Blogger Anthony said...

Interesting question. I was originally going to argue against this, but after doing a bit of research into the definition and, especially, the etymology, I think you have a pretty good case. Not good enough that I feel I can make the case for you, but there's something there.

(As an aside, which I put in parenthesis just like you, I highly doubt that the most common statement on the other side is "I am against any form of censorship". And even if it is the most common one, it certainly is not the strongest one, and is closer to the weakest one.)

12:29 pm  
Blogger Edward Ockham said...

>> I highly doubt that the most common statement on the other side is "I am against any form of censorship".

Any doubts expressed on this blog must be supported by arguments. Or at least examples of more common statements :)

12:48 pm  
Blogger Anthony said...

>> Any doubts expressed on this blog must be supported by arguments.

A doubt is a request for an argument. If I had an argument I wouldn't have expressed doubt.

>> Or at least examples of more common statements :)

What is the domain?

Interestingly, I just google searched for "I am against any form of censorship", and got this as the top result. I'm tempted to close this as a clear case of a strawman argument simply based on that.

12:56 pm  
Blogger Edward Ockham said...

>>A doubt is a request for an argument.

It would be helpful if you gave reasons for your doubt. Otherwise I will just say I have doubts about your doubt.

>>Interestingly, I just google searched for "I am against any form of censorship", and got this as the top result. I'm tempted to close this as a clear case of a strawman argument simply based on that.

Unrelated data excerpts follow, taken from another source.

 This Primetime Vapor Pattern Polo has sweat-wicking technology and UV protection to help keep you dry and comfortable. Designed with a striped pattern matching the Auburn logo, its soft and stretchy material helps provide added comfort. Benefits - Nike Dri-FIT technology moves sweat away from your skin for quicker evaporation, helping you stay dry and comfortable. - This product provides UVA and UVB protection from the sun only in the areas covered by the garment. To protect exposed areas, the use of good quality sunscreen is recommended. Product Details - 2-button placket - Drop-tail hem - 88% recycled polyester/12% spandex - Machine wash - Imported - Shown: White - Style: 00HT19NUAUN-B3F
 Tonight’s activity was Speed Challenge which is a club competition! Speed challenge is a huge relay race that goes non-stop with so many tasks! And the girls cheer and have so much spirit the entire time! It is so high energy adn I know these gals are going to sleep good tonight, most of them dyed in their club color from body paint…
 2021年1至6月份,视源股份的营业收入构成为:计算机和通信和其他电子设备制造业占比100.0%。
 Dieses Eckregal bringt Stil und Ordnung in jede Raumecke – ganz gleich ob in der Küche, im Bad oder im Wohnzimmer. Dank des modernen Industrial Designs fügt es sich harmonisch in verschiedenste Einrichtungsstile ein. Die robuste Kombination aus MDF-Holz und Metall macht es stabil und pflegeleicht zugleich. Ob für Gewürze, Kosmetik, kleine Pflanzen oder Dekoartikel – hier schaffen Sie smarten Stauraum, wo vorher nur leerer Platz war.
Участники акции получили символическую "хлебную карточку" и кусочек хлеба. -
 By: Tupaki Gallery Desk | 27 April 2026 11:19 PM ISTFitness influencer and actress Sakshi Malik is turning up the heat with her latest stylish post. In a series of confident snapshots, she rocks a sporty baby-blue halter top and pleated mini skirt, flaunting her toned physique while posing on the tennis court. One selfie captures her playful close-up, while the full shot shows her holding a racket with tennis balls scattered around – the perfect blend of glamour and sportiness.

Sorry, doesn't your search prove exactly what I was saying?

6:48 pm  
Blogger Edward Ockham said...

Oh I see what you mean. This post came up. That's because the post was today. Next week it will have disappeared from any search.

6:50 pm  
Blogger Anthony said...

My reason for my doubt is that I've read many of these discussions, and as I remember it the "I am against any form of censorship" was in the minority.

I make no claim that this is an argument, however. If you want to have doubts about my doubt, oh well.

>> Next week it will have disappeared from any search.

Perhaps. But I went through the first few pages of results, and also through a few other related searches (adding terms like Wikipedia), and I couldn't even find a single person on the other side of the argument who said "I am against any form of censorship".